┌─ DATA EXCERPTS
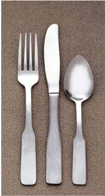
Colony No. 136 Medium Weight, Satin Finish
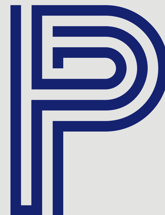
P Line Lightweight. Performance.
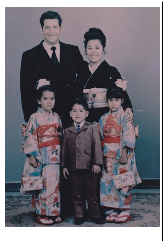
Formal family portrait.
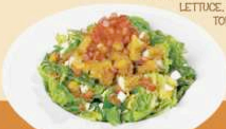
Hooters Cobb Salad
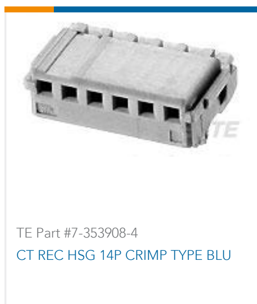
TE Part #7-353908-4 CT REC HSG 14P CRIMP TYPE BLU
└─
Repeat all of the material above exactly, leaving out pictures.

**ANSWER FOR THIS EXERCISE:**
Colony No. 136 Medium Weight, Satin Finish
P Line Lightweight. Performance.
Formal family portrait.
Hooters Cobb Salad
TE Part #7-353908-4 CT REC HSG 14P CRIMP TYPE BLU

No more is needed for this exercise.